*** Opening TASK MATERIAL ***
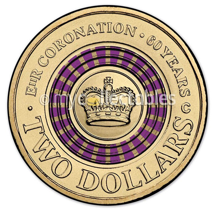 To honour the 60th anniversary of this momentous event that began one of the longest reigns in British history, the Royal Australian Mint has released a commemorative $2 colour printed ‘C’ mintmark uncirculated coin with the same design as the circulating coin. This coin is a great memento for the royal fans as well as the coloured coin collectors. The design features a stylised representation of St Edward’s Crown surrounded by circles including a pattern of purple coloured, the colour synonymous with royalty stripes.
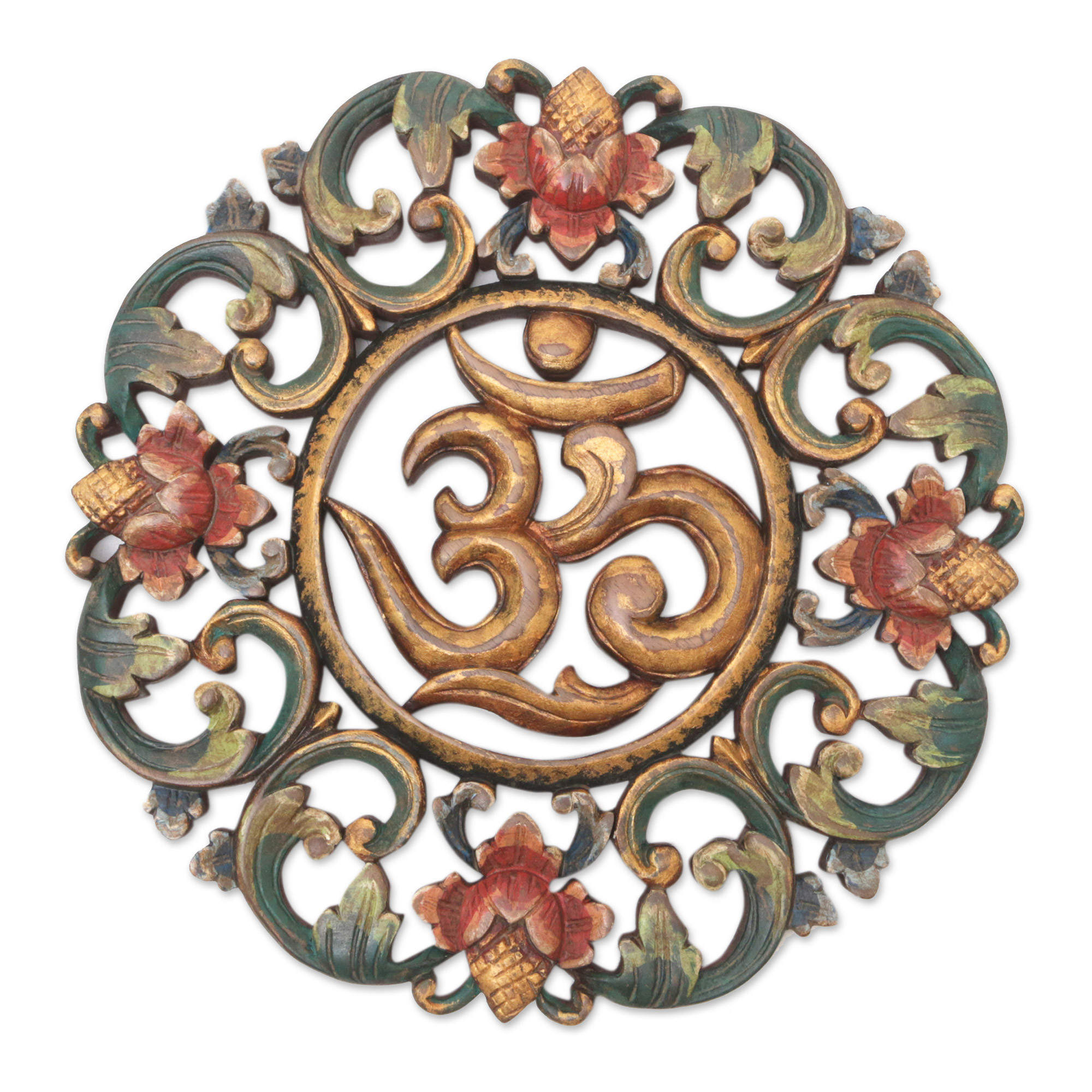 Balinese Hand-Carved and Hand-Painted Om Wood Relief Panel, 'Om Sanctuary'
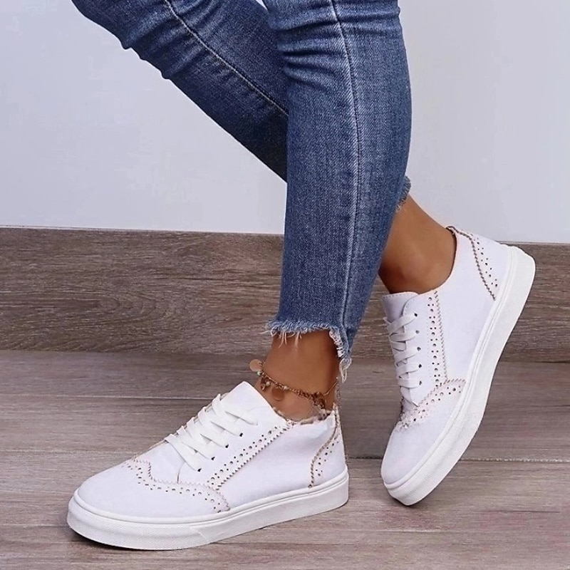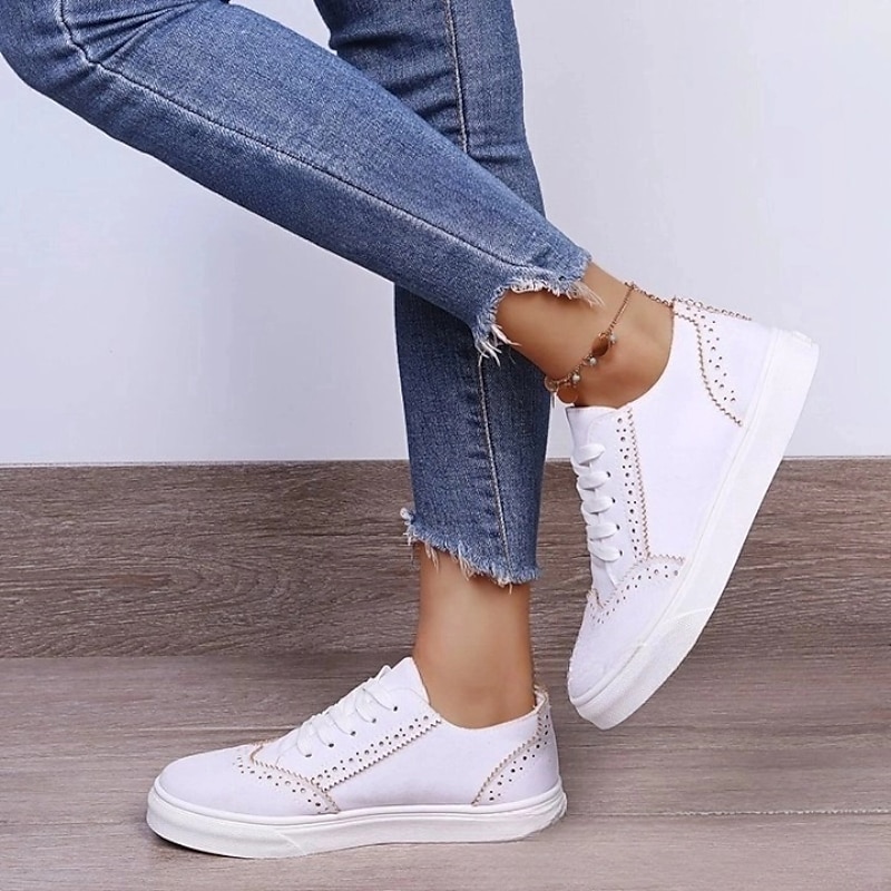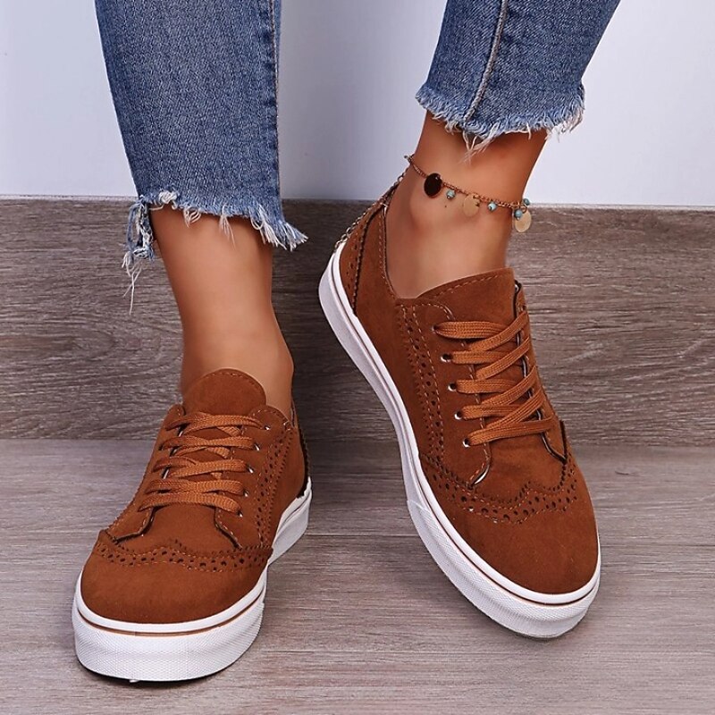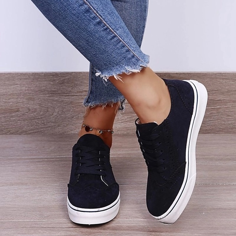 Highlights [Fabric & Material] : Crafted from premium PU leather, these sneakers boast a smooth and durable suede-like texture. The dark green shade adds a sophisticated and unique flair, perfect for elevating your casual wardrobe. [Silhouette & Fit] : Featuring a classic round toe and flat heel, these sneakers provide a comfortable and sleek fit. The lace-up closure ensures a secure and customizable fit, making them suitable for various foot shapes. [Design Highlights] : The standout design includes clean, white rubber soles that contrast beautifully with the dark green upper, adding a modern twist to the classic sneaker look. The slightly elevated sole enhances comfort and support during all-day wear. [Occasions & Usage] : Ideal for daily wear, these sneakers are perfect for walking, casual outings, and outdoor activities. Their versatile style allows them to complement a wide range of outfits, from sporty to casual chic. [Size Information] : Available in sizes 36 to 43, it is suggested to select one size smaller than usual for the best fit. These sneakers cater to women seeking both style and comfort in their everyday footwear.
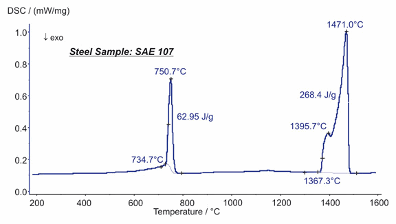 圖中顯示的是鋼(SAE 107)的相結(jié)構(gòu)轉(zhuǎn)變測(cè)量。在 751°C 前后,發(fā)生了兩種相互重疊的相變過程,735°C 之前熱流的平緩增大是由居里轉(zhuǎn)變(鐵磁性能的轉(zhuǎn)變)引起,而高而尖銳的主峰則由結(jié)晶結(jié)構(gòu)的改變(鐵素體轉(zhuǎn)變成奧氏體)所致,其相應(yīng)吸熱熱焓為 63J/g。在 1367°C 可以觀測(cè)到兩步熔融過程(峰值在 1395°C 與 1471°C),熔融熱焓為 268 J/g。
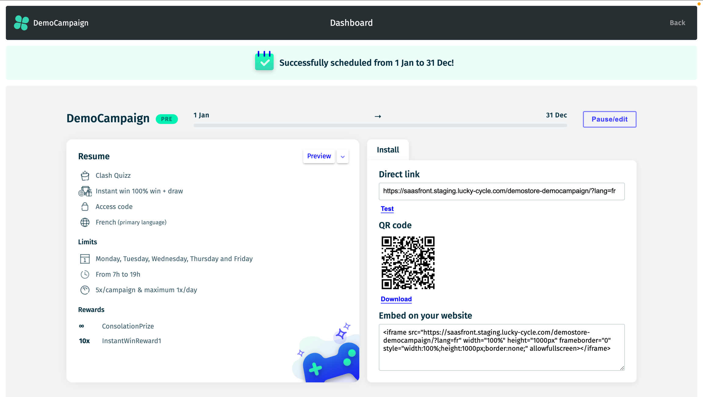 The first block offers a quick overview of your campaign parameters, making it easy to verify settings at a glance. It also provides essential elements for integrating the campaign into your website or sharing it effectively:
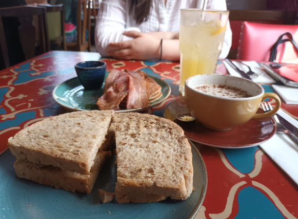 I had a vegan sausage butty (or sandwich) for £5.75, or around 60 Steem. I also had a decaff latte with oat milk for £3.80, or around 40 Steem. I enjoyed my lunch because I was with my friend who’d just been for an interview so it was a bit of a stressful day for her. The food was okay but as it was a bit hot the bread felt slightly dry for my liking. I appreciate the effort of offering a vegan item on the menu though. I’d definitely visit that cafe again but I might just take a small butter with me to add to my sandwich.
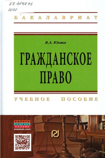Юкша Я. А., Гражданское право. учебное пособие. для студентов высших учебных заведений, обучающихся по направлению подготовки «Юриспруденция» — 2017 (Высшее образование — Бакалавриат) (Бакалавриат)
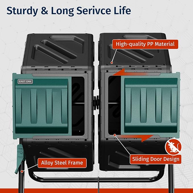 - 【360° Rotatable & Simple Assembly】No need for hand mixing or digging—this compost tumbler’s rotating design and eight-panel deep fins make turning effortless. EAST OAK includes a detailed manual and installation video for straightforward setup.
*** Closing TASK MATERIAL ***
WORK TO COMPLETE – Exactly reproduce the entries above, minus the pictures.

WRITTEN RESPONSE –
 To honour the 60th anniversary of this momentous event that began one of the longest reigns in British history, the Royal Australian Mint has released a commemorative $2 colour printed ‘C’ mintmark uncirculated coin with the same design as the circulating coin. This coin is a great memento for the royal fans as well as the coloured coin collectors. The design features a stylised representation of St Edward’s Crown surrounded by circles including a pattern of purple coloured, the colour synonymous with royalty stripes.
 Balinese Hand-Carved and Hand-Painted Om Wood Relief Panel, 'Om Sanctuary'
 Highlights [Fabric & Material] : Crafted from premium PU leather, these sneakers boast a smooth and durable suede-like texture. The dark green shade adds a sophisticated and unique flair, perfect for elevating your casual wardrobe. [Silhouette & Fit] : Featuring a classic round toe and flat heel, these sneakers provide a comfortable and sleek fit. The lace-up closure ensures a secure and customizable fit, making them suitable for various foot shapes. [Design Highlights] : The standout design includes clean, white rubber soles that contrast beautifully with the dark green upper, adding a modern twist to the classic sneaker look. The slightly elevated sole enhances comfort and support during all-day wear. [Occasions & Usage] : Ideal for daily wear, these sneakers are perfect for walking, casual outings, and outdoor activities. Their versatile style allows them to complement a wide range of outfits, from sporty to casual chic. [Size Information] : Available in sizes 36 to 43, it is suggested to select one size smaller than usual for the best fit. These sneakers cater to women seeking both style and comfort in their everyday footwear.
 圖中顯示的是鋼(SAE 107)的相結(jié)構(gòu)轉(zhuǎn)變測(cè)量。在 751°C 前后,發(fā)生了兩種相互重疊的相變過程,735°C 之前熱流的平緩增大是由居里轉(zhuǎn)變(鐵磁性能的轉(zhuǎn)變)引起,而高而尖銳的主峰則由結(jié)晶結(jié)構(gòu)的改變(鐵素體轉(zhuǎn)變成奧氏體)所致,其相應(yīng)吸熱熱焓為 63J/g。在 1367°C 可以觀測(cè)到兩步熔融過程(峰值在 1395°C 與 1471°C),熔融熱焓為 268 J/g。
 The first block offers a quick overview of your campaign parameters, making it easy to verify settings at a glance. It also provides essential elements for integrating the campaign into your website or sharing it effectively:
 I had a vegan sausage butty (or sandwich) for £5.75, or around 60 Steem. I also had a decaff latte with oat milk for £3.80, or around 40 Steem. I enjoyed my lunch because I was with my friend who’d just been for an interview so it was a bit of a stressful day for her. The food was okay but as it was a bit hot the bread felt slightly dry for my liking. I appreciate the effort of offering a vegan item on the menu though. I’d definitely visit that cafe again but I might just take a small butter with me to add to my sandwich.
Юкша Я. А., Гражданское право. учебное пособие. для студентов высших учебных заведений, обучающихся по направлению подготовки «Юриспруденция» — 2017 (Высшее образование — Бакалавриат) (Бакалавриат)
 - 【360° Rotatable & Simple Assembly】No need for hand mixing or digging—this compost tumbler’s rotating design and eight-panel deep fins make turning effortless. EAST OAK includes a detailed manual and installation video for straightforward setup.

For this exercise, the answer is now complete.